Code Sample, a copy-pastable example if possible

pd.to_datetime(["31/12/2014", "10/03/2011"])
Out[37]:
DatetimeIndex(['2014-12-31', '2011-10-03'], dtype='datetime64[ns]', freq=None)

Expected Output

DatetimeIndex(['2014-12-31', '2011-03-10'], dtype='datetime64[ns]', freq=None)

_Reason: Expect a default behavior (without extra format or dayfirst parameter) that implements a consistent datetime parsing within the same column._

Comments

Within the internal helper function pd.tseries.tools._to_datetime, the datetime format will be first inferred based on the first non-nan element, followed by a parsing via tslib.array_strptime(Line 357), which gives expected result.

pd.tseries.tools._guess_datetime_format_for_array(["31/12/2014", "10/03/2011"])
Out[25]:
'%d/%m/%Y'


pd.tslib.array_strptime(pd.tseries.tools.com._ensure_object(["31/12/2014", "10/03/2011"]), "%d/%m/%Y")
Out[46]:
array(['2014-12-31T08:00:00.000000000+0800',
       '2011-03-10T08:00:00.000000000+0800'], dtype='datetime64[ns]')

But the fallback function tslib.array_to_datetime doesn't use the inferred format(Line 373)

pd.tslib.array_to_datetime(pd.tseries.tools.com._ensure_object(["31/12/2014", "10/03/2011"]), format="%d/%m/%Y")
Out[51]:
array(['2014-12-31T08:00:00.000000000+0800',
       '2011-10-03T08:00:00.000000000+0800'], dtype='datetime64[ns]')

_This is caused by the default value (False) of parameter infer_datetime_format to the _to_datetime (Line 285) Suggestion: make parameter infer_datetime_format to the _to_datetime default to True, it won't solve all problems, but at least half of them, depending on the format of the first element._

output of pd.show_versions()

INSTALLED VERSIONS
------------------
commit: None
python: 2.7.11.final.0
python-bits: 64
OS: Linux
OS-release: 3.8.13-44.el6uek.x86_64
machine: x86_64
processor: x86_64
byteorder: little
LC_ALL: None
LANG: en_US.UTF-8

pandas: 0.17.1
nose: 1.3.7
pip: 8.0.2
setuptools: 19.6.2
Cython: 0.23.4
numpy: 1.10.4
scipy: 0.17.0
statsmodels: 0.6.1
IPython: 4.0.3
sphinx: 1.3.5
patsy: 0.4.0
dateutil: 2.4.2
pytz: 2015.7
blosc: None
bottleneck: 1.0.0
tables: 3.2.2
numexpr: 2.4.6
matplotlib: 1.5.1
openpyxl: 2.3.2
xlrd: 0.9.4
xlwt: 1.0.0
xlsxwriter: 0.8.4
lxml: 3.5.0
bs4: 4.4.1
html5lib: None
httplib2: None
apiclient: None
sqlalchemy: 1.0.11
pymysql: None
psycopg2: None
Jinja2: None

Comment From: dolaameng

Also suggest to at least warn users of this behavior in the online document.

Comment From: crazycodingcat

Agree with the warning suggestion.

A common sense assumption is: the date format in the same column should be consistent.

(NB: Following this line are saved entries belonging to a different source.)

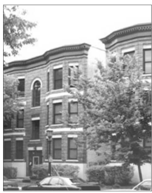
CommonBond's Cathedral Hill apartments.

CommonBond Communities, a nonprofit provider of affordable housing and support services, recently purchased and rehabilitated a complex of seven deteriorating apartment buildings near the St. Paul Cathedral. Before CommonBond's intervention, the buildings were 50 percent vacant and in danger of converting from affordable units under the federal government's Section 8 program to market-rate housing. Many of the nearby buildings had recently converted to upscale apartments and condominiums, and CommonBond pursued the project in part to demonstrate how to successfully maintain and operate low-income housing in such a neighborhood.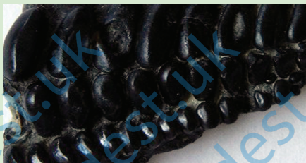
Flat teeth to crush shells.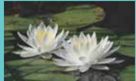
Water lilies blooming along the Mainline

Walking the loop counter-clockwise you pass several salt marshes including a sign-marked vista of the village of Suwannee. Farther on are several stately live oak trees and a marsh pond before you return to the parking area. Be sure to walk around the yellow Refuge gate to visit the Salt Creek fishing/observation platform. Bald eagles sometimes nest on the islands across the creek.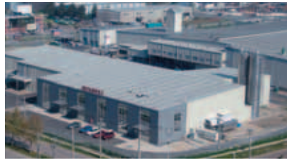
Productions centre for STARstrap™ strapping in Chile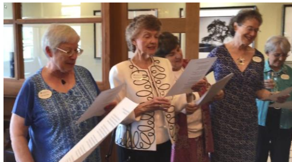
Photos taken at the sing-along farewell party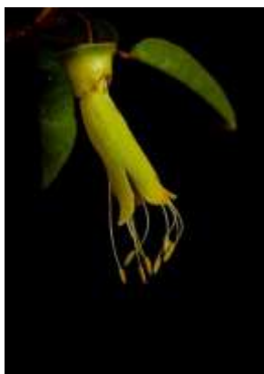
1 st Place – Macro Correa

But currently, pandas just infers each datetime independently, and SILENTLY. It does not care if the dates parsed use the same format. This could be a pitfall if the user is not careful in checking the parsing results. A check on consistency and warning would be very helpful.

Comment From: jorisvandenbossche

This is a known issue with to_datetime, which is caused by the (too much) flexibility of dateutil. You can 'solve' it by providing a format argument. We should probably recommend this more strongly in the docs that you best pass a format argument if you want to be sure to have a consistent parsing.

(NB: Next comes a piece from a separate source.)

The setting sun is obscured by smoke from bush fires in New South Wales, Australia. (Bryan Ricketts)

See also https://github.com/pydata/pandas/issues/12501, https://github.com/pydata/pandas/issues/7348 and https://github.com/pydata/pandas/issues/3341

And we are indeed considering changing the default of infer_datetime_format to True, see https://github.com/pydata/pandas/issues/12061 for that.

Currently raising a warning is not possible as far as I know, as pandas just passes the strings to dateutil and pandas does not know how dateutil has parsed it (possibly inconsistent). And the flexibility of dateutil is also a feature of to_datetime to be able to handle messy datetime columns.

Comment From: dolaameng

Thanks for linking to the previous issues. I am thinking about some heriustics used by readr package in R, which infers column types or date formats from first 100 rows, instead of a single one. This can be done before passing an explicit format to dateutil?

Comment From: jorisvandenbossche

There could maybe be improvements to infer_datetime_format (as indeed, using only one row will often not be able to infer a day-first). Note that no format is passed to dateutil. When there is a format (passed or inferred), pandas does the parsing itself, it's when there is no fixed format that dateutil is used.

I made an overview issue for this: #12585

BTW, if you want to make some clarifications to the docs for now, PRs also very welcome!

Comment From: dolaameng

Proper documentation sounds like a good temp solution. Will try to help if possible.

Comment From: jorisvandenbossche

Closing in favor of the master issue #12585